Readers of this blog may recognize in agile development methodologies the management paradigms I profess. My management methods led my company to agile development methodologies like Scrum and Extreme Programming. My blog posts on management books provide the following principles:
  1. Update opinions from observations. ("The Map is Not the Territory.")
  2. Develop a culture of interdependence. ("Mature from Dependence to Independence to Interdependence," and "People are smarter than you think. Give them a chance to prove themselves.")
  3. Prioritize what's important. ("Good is the Enemy of Best.")
  4. Jointly determine the course. (See The 8th Habit.)
  5. Set up and manage systems to stay on course. (See The 8th Habit.)
  6. Focus talents on results, not methods, then get out of people's way and give help as requested. (See The 8th Habit.)

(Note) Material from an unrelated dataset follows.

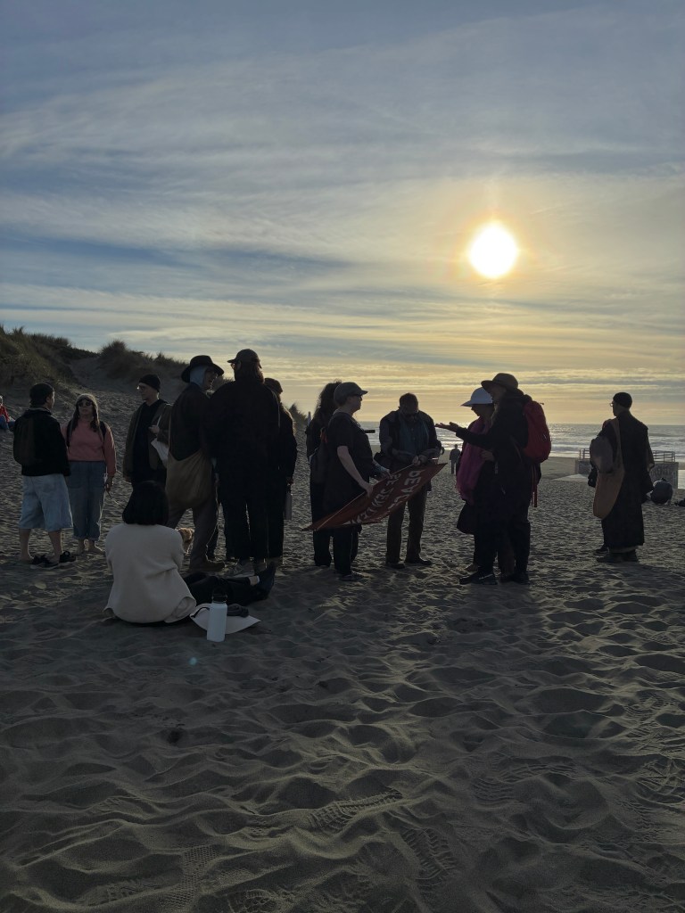 Two things surprised me: the first was that the silence prevailed over the whole walk. There were one or two conversations to be heard, but otherwise it was a two-hundred-odd group of people walking quietly. The second was that some people we in a big hurry to get to the ocean. I tried reining in the front runners a few times, and in the end, the people carrying the banner were often going a little quicker than I would have prefered (and probably a few others as well).

  7. "Never automate something that can be eliminated, and never delegate something that can be automated or streamlined."

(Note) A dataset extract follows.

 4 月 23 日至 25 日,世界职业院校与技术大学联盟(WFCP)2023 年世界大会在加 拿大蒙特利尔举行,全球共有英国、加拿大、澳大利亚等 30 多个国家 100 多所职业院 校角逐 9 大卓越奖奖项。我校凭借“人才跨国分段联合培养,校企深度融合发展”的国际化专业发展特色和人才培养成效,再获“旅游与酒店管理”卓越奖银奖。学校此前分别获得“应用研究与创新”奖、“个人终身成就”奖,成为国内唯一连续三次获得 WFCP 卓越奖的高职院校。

The principles above aren't articulated in industry terms, however. Specifically in software development these principles lead to the following practices:
  1. Inspect results and update process.
  2. Rely on people.
  3. Work on highest priorities.
  4. Teach self-managing teams.
  5. Improve processes.
  6. Remove impediments.
  7. Automate testing.
These practices are agile:
  1. Agile Software Development with Scrum emphasizes empirical process control.
  2. Agile methods have a people-first orientation.
  3. Product backlog and sprint backlog are prioritized.
  4. Scrum uses self-managing teams.
  5. Extreme Programming suggests various process improvements like spike solutions, coding standards, continuous integration.
  6. A Scrum Master uses a daily stand-up meeting to learn impediments to remove them.
  7. Extreme Programming emphasizes automated unit (and acceptance) tests.
I would list examples from our experience (e.g., engineering estimation, comparison to CMM Level 2 and key process areas, serving manufacturing clients, consensus decision-making) but this blog post is already long. However, I'll write that I'm pleased with how agile practice embodies good paradigms and principles.